Sunday, November 14, 2010

No, Really – Nobody Cares About the Deficit

Interesting - I wonder if the apathy about the federal deficit is in any way related to the current state of economic education in the US? Or, on the positive side, perhaps the populace has internalized a Hayekian view that the emergence through human action and not design will result in an unintended order?

http://krugman.blogs.nytimes.com/2010/11/14/no-really-nobody-cares-about-the-deficit/

7 comments:

  1. Just because the public isn't getting what it wished, doesn't mean it isn't getting what it needs. I think most Americans understand, on a basic level, is this: We can not continue to live beyond our means. Now if we can educate the average American that job creation is directly related to reduction of the deficit we'd be set.

    ReplyDelete
  2. There is a widespread belief that the government can create . . . jobs, growth, well being. This belief is pervasive and I wonder, given the elements of faith or belief, what the short term prospects are for changing this value of government.

    ReplyDelete
  3. If you mean this particular government's (Obama) values... there is no way they will change. What is positive is that the American public has demonstrated its disbelief this government. The Obama administrations continued actions have made the odds of a recovery in the next two years pretty small. Maybe the American public can be convinced that government isn't the answer.

    ReplyDelete
  4. This comment has been removed by the author.

    ReplyDelete
  5. I was using values as a belief system held by individual. A government cannot hold values, it reflects values held by a group of citizens.

    I argue that the majority of Americans hold a value set that Sowell articulated in the Conflict of Visions - the unconstrained ideology or value. This value includes a set of beliefs about liberty, security, rights as opposed to freedom, responsibility and the role of the state.

    This set of values has emerged and evolved beginning with the progressive movement, further developed (mutated) during the new deal period, found rich soil in the last 40 years of the 20th century and is most evident in farm subsidy (a program enthusiastically supported by members of both parties) the war on drugs, people and free speech. The latter was manifest in the republican Patriot Act - think John Ashcroft and owes an intellectual debt to Lincoln and other war presidents.

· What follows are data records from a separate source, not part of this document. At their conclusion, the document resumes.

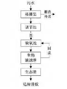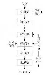 一种常规生化处理后增加生态塘处理工艺。生态塘亦称氧化塘或稳定塘,是一种利用天然净化能力对污水进行处理的构筑物的总称。其净化过程与自然水体的自净过程相似,通常是将土地进行适当的人工修整,建成池塘,并设置围堤和防渗层,依靠塘内生长的微生物来处理污水。
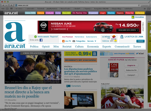 Hemos tenido la suerte de trabajar para uno de los diarios más importantes de Catalunya en estos momentos, se trata del Diari Ara (ara.cat), el cual evoluciona muy rápido y gana siempre más lectores. Las claves de su éxito son muchas y no seré yo quien revele sus secretos, pero si puedo dar fe del interés y los recursos que dedican al web.
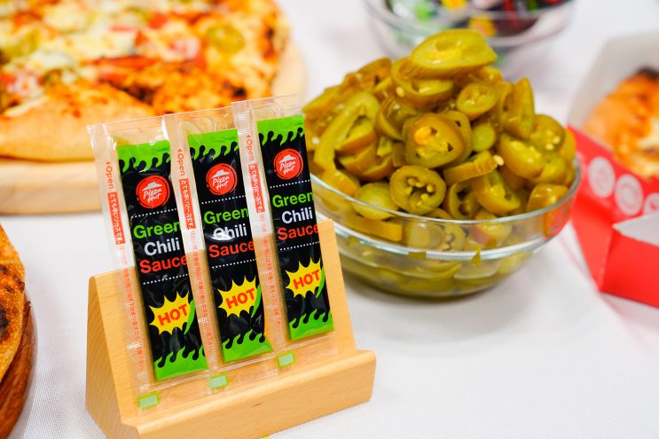 「ハラペーニョ」も旨辛を演出する食材の1つですが、旨辛ピザ最大の秘密は、ピザハットオリジナルの辛味ソース「グリーンチリソース」にあるそうです。
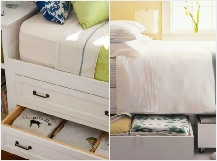Хранение под кроватью. | Фото: Фотографии красивых интерьеров, Pinterest.ru. Заказывая кровать с выдвижными ящиками, вы убиваете сразу двух зайцев. Во-первых, это вместительная система хранения для сезонной одежды, постельного белья и полотенец, во-вторых, защита от пыли.
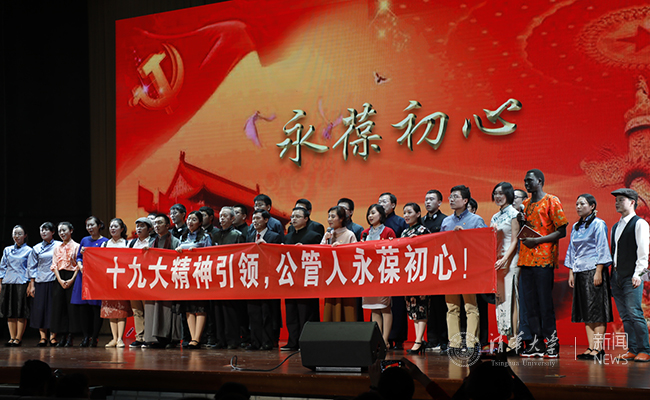 其中,由清华大学公共管理学院40余位教职工、博士后和中外学生自编自导自演的话剧《初心在哪里》从7月开始组织创作团队,以寻找党的初心为主题策划创作。该剧选取1926年清华大学第一个党支部成立、1935年“一二·九”运动中清华学生爱国游行和1948年“西马”俱乐部集会等三个典型历史节点设置场景,回顾了新民主主义革命时期清华人的强国富民梦想,通过模拟党课师生关于梦想与初心的对话,展示共产党人始终坚持为人民服务的赤子之心。

    I would also fear that beliefs cannot be convinced away - that the change in beliefs is an emergent process that takes time.

    ReplyDelete
  6. So does the future bode an American system that no longer views itself as exceptional? Are we destined to the fate of Europe with a cradle to grave government coverage along with the creeping demographic problems? Or are we looking at a more Orwellian type government? I have my suspicions but I am interested in your opinion.

    ReplyDelete
  7. Well, I am not certain about the notion of American Exceptionalism, with all apologies to deTocquille and Lipset. That said, as the participants in the conference honoring Douglass North earlier this month emphsized, and I tend to agree, emergent change in institutions is path dependent, uncertain and very difficult for anyone other than those with hubris to predict.

    Demographic change in the US will certainly be impacted by Leviathan and the failed efforts to hinder the free flows of people, capital and trade.

    North argued that economic growth leads to an increasing demand for state, thus the welfare and warfare state that is so unfortunate.

    I am optimistic as Boettke's analogy for the future as a horse race between Smith, Schumpeter and the State. The first two still lead the second.